It is the ideal time to acquire equity assets: Anand Shah
With GDP growth dipping to its lowest level in recent years, concerns are being expressed on whether one should keep away from stock markets. A recent surge in key benchmark indices indicates a bullish undertone. Anand Shah, chief investment officer of BNP Paribas Mutual Fund, in an interview with Chandan Kishore Kant & Jinsy Mathew, says the situation cannot get much worse from where it is today. According to him, investors should start looking at investment in equities before it is too late. Edited excerpts:
Have the markets bottomed out or is still more pain left?
Unfortunately, at this juncture, one cannot talk about markets independent of the economy. It is still difficult from an economy point of view. But it has nearly bottomed out and I believe it cannot get much worse from where it is today. With the recent decline in oil prices, which we believe will sustain to a great extent, the fiscal situation will improve from here.
The inflation outlook is still elevated, but is less than the nine to 10 per cent we have seen last year. Further, the monetary stance is not tightening but loosening. The only thing which is a question mark is growth. Will it go back to seven per cent or stay around the five-six per cent levels? That's the key question. Revival in growth has to be driven by revival in the investment cycle. And, the key to kickstart the investment process is for policy makers to remove supply-side bottlenecks. Fortunately, there are early signs that the administration is actively working towards this.
So, to answer your question, given the global economic issues, it is difficult to say if we have bottomed out but I can say with a reasonable degree of confidence that we are at least quite close to the bottom.
Should we read much into Greece and Europe?

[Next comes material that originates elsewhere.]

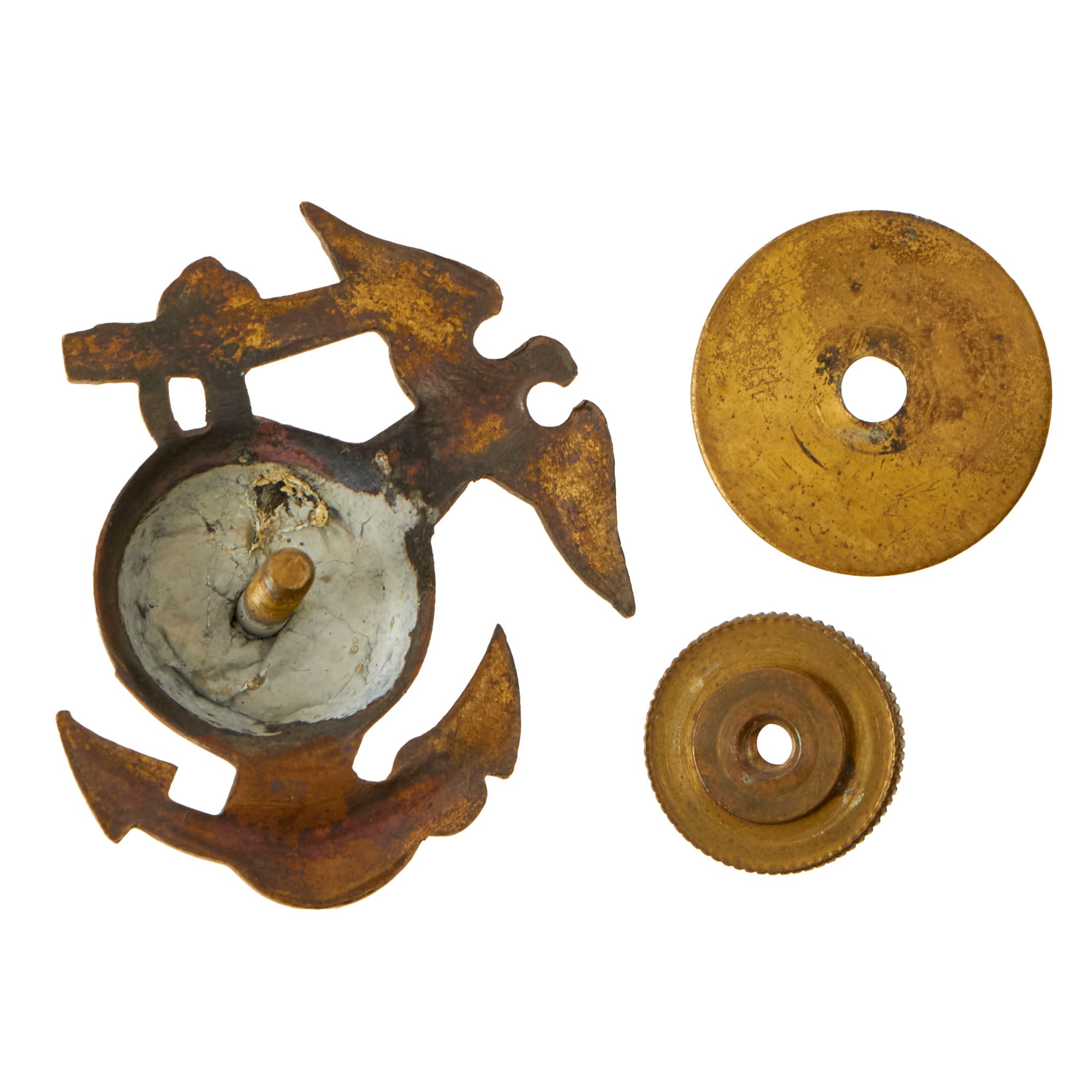 The device comes with its original fastener and its original washer. The washer would help keep the EGA affixed properly without rotating. Some examples had a pin behind the eagle to help this, but this example does not show signs of ever having one.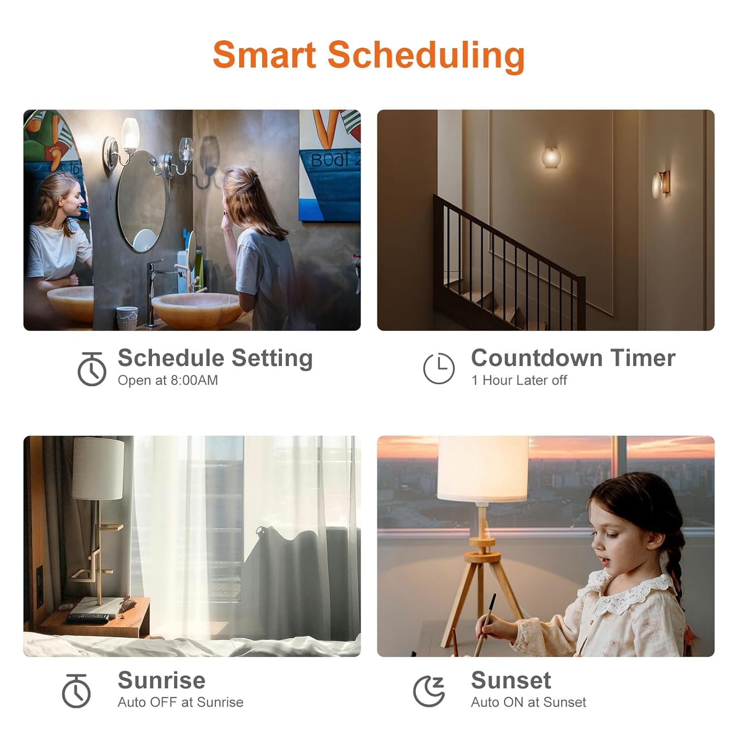 【0%-100% Dimming with Scheduling】: Adjust desired brightness with the button or Smart Life app. Tailor your lighting to fade on or gently fade off the lights while your child drifts off to sleep. Set light schedules for waking up with a soft glow in the morning.

It is fair, indeed important, to keep an eye on developments in Europe without worrying excessively about it. Given our largely insulated banking system and low dependence on exports, we have a very limited direct impact from events in Europe. However, given our reduced forex reserves and increased dependence on foreign capital flows, the indirect impact can be material.
But, there is also a significant positive rub-off in the form of lower oil prices and a weak currency. Nothing works better for India than lower oil prices. Also, the depreciation of our currency, which is a natural side effect of any global crisis, is eventually part of the solution, rather than a problem for us.
On the basis of what you explained, what returns can one expect from stock markets in FY13 and FY14?
Frankly, there is no number to be put. But, can we lose much from here? I doubt it. The stars are aligning well for strong returns over the next three to five years. Bottoming out of GDP growth, lowering interest rates, mean reversion effect and attractive valuations (especially in dollar terms) all point to the possibility of strong returns over the medium term. The combined positive impact of improved corporate earnings growth and a re-rating in valuations can be considerable.
Of course, it’s not a given, if we are unable to revive the investment cycle or are faced with political instability. Then, it’s difficult to visualise sustained returns. But I believe the odds are in favour of a positive rather than a negative outcome.
Your advice to investors at this time?
I believe, it is the ideal time to acquire equity assets. Without being biased or cynical about the performance of recent years, if an investor sees the argument dispassionately, he or she would very likely come to this same conclusion. If uncertain about the timing, the investor should spread the investments in equity over a six to 12-month period, using systematic investment plans.
Which sectors are top on your radar this year?
In calendar year 2011, we focused on consumption, brand power, free cash flows, risk awareness , leaders, debt-free or low debt companies. Now, in CY12 and CY13, these are the times when we will look at de-leveraging stories. We would look to buy companies which are leveraged but still generating free cash flows from the business, and they will get de-leveraged. Across sectors, we are looking for companies which have done a lot of capex, increased capacities. For instance, in cement the capex cycle has come to standstill. The same goes for power, steel & textiles. If our outlook on a sector is good and we believe a company is going to generate strong operating cash flows, we are interested in it.
We are also looking at sectors where most of the players are losing money and the cycle is bottoming out, be it aviation, telecom or public sector banks. These are the themes, but the principle remains to buy the best company within these sectors.
Are investors and companies expecting much from the Reserve Bank of India (RBI)?
Monetary policy has its limitations. The central bank will utilise all its ammunition and still we will not get the desired outcome, unless it works along with strong fiscal policy. RBI cannot do the heavy lifting all the time. Greater discipline on the fiscal account is imperative for monetary action to work effectively. Investors and corporates are right to expect both, the government and the central bank, to work in tandem to turn the economy around. And, I believe increasingly that they are.